The dollar dropped against most major global currencies on Friday as data pointed to central banks in the U.S. and China taking steps to stimulate their economies via loose monetary policy measures.
In China, second-quarter economic growth figures met expectations but were still low, sparking talk of interest-rate cuts while in the U.S., soft consumer sentiment figures fueled sentiment the Federal Reserve will roll out quantitative easing measures to stave off economic decline.
In U.S. trading on Friday, EUR/USD was trading up 0.29% at 1.2239.

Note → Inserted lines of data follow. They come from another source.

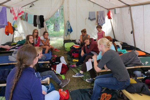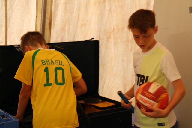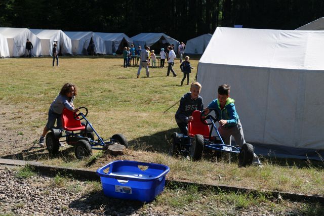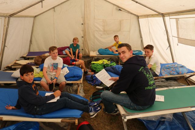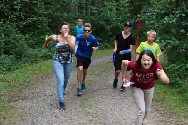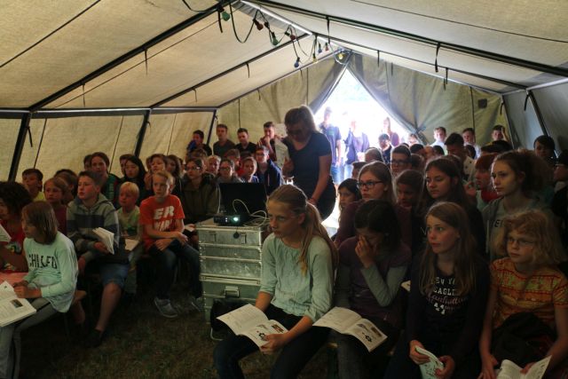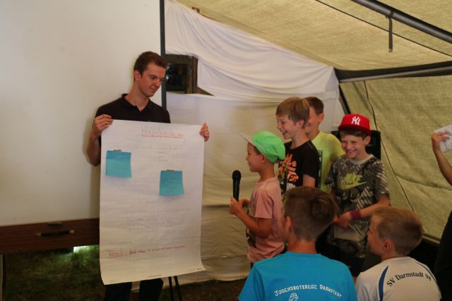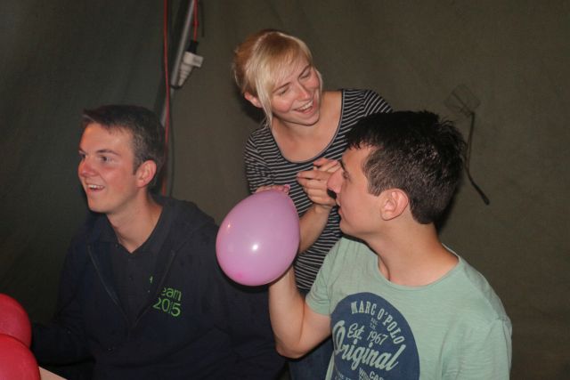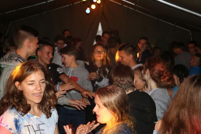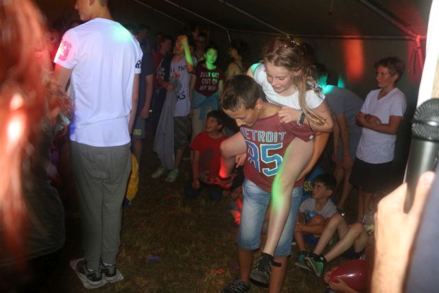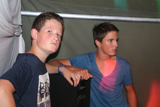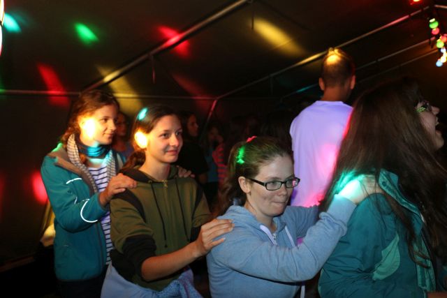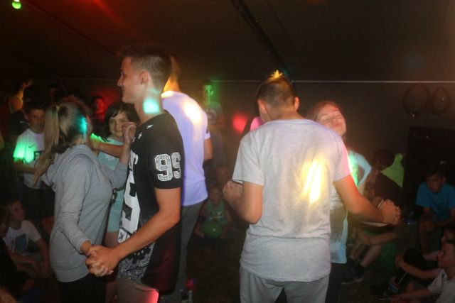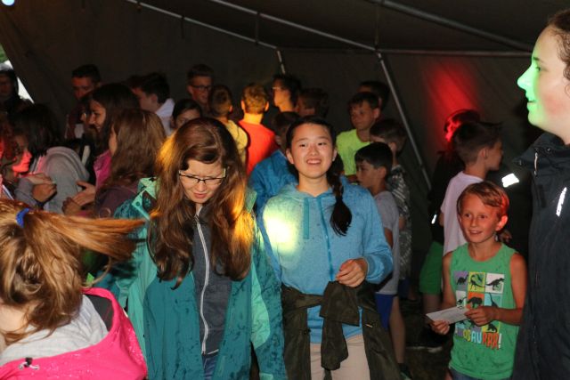 DJ Johannes und DJ Flo sind für die Kennenlerndisko zuständig. Mit kleinen Spielen und viel Musik heizten die Beiden den Teilnehmern und Teamern richtig ein, so dass der Regen vergessen ging.
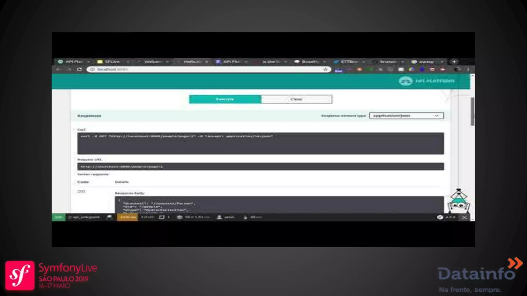 O documento apresenta o API Platform, uma ferramenta para a criação e consumo de APIs, destacando suas vantagens, instalação e componentes básicos. Também discute a arquitetura necessária para seu uso, incluindo segurança, integração com padrões como JSON-LD e GraphQL, e a documentação interativa. Além disso, menciona funcionalidades adicionais como autenticação, suporte a dados em diversos formatos e a criação de um componente administrativo para gerenciamento de conteúdo.
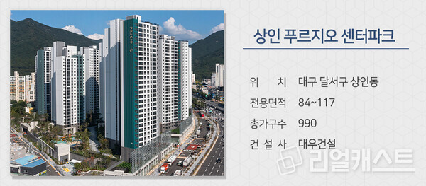 대우건설은 대구 달서구 상인동에 짓는 '상인 푸르지오 센터파크'를 분양합니다. 준공 후 분양 단지로 입주가 빠릅니다.
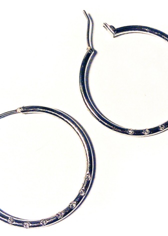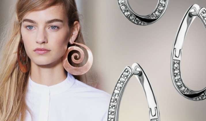 Earrings in the form of small rings are suitable for women of age. Large earrings make the ear heavier, and outwardly it looks ugly. The ideal solution would be jewelry as small rings. They allow you to emphasize the elegance of a woman, and will become an exquisite decoration of a luxurious image.

China's gross domestic product grew 7.6% in the second quarter, largely in line with expectations, which sparked demand for riskier currencies and asset classes that sent the dollar falling and the currencies like the euro rising.
However, China's economy grew a more robust 8.1% in the first quarter of this year, and the cool-down in the second quarter fueled sentiment China may cut interest rates and take other steps to steer its economy to more robust growth rates down the road, which further fueled the risk-on trading session.
In the U.S., soft consumer sentiment figures rekindled talk the Federal Reserve will roll out credit easing measures that would weaken the dollar in exchange for more accelerated recovery.
In the U.S., the Thomson Reuters/University of Michigan's preliminary reading on the overall index on consumer sentiment fell to 72.0 in July from 73.2 in June.
Analysts were expecting a 73.4 reading.
The news gave investors room to shrug off a Moody's decision to downgrade Italian ratings.
Moody’s cut Italian government bond rating by two levels to Baa2 and warned additional downgrades may be on the way.
A Baa2 bond rating hovers just two levels above junk bond status.
Meanwhile in the U.S., the Bureau of Labor Statistics reported that producer prices rose unexpectedly in June, climbing to a seasonally adjusted 0.1%, from -1.0% in May.
Analysts had expected U.S. producer price index to fall -0.5% last month.
The greenback, meanwhile, was down against the pound, with GBP/USD trading up 0.87% at 1.5562.
The dollar was down against the yen, with USD/JPY trading down 0.10% at 79.24, and down against the Swiss franc, with USD/CHF trading down 0.26% at 0.9814.
The dollar was down against its cousins in Canada, Australia and New Zealand, with USD/CAD down 0.35% at 1.0155, AUD/USD up 0.79% at 1.0219 and NZD/USD up 0.54% at 0.7941.
The dollar index, which tracks the performance of the greenback versus a basket of six other major currencies, was down 0.35% at 83.49.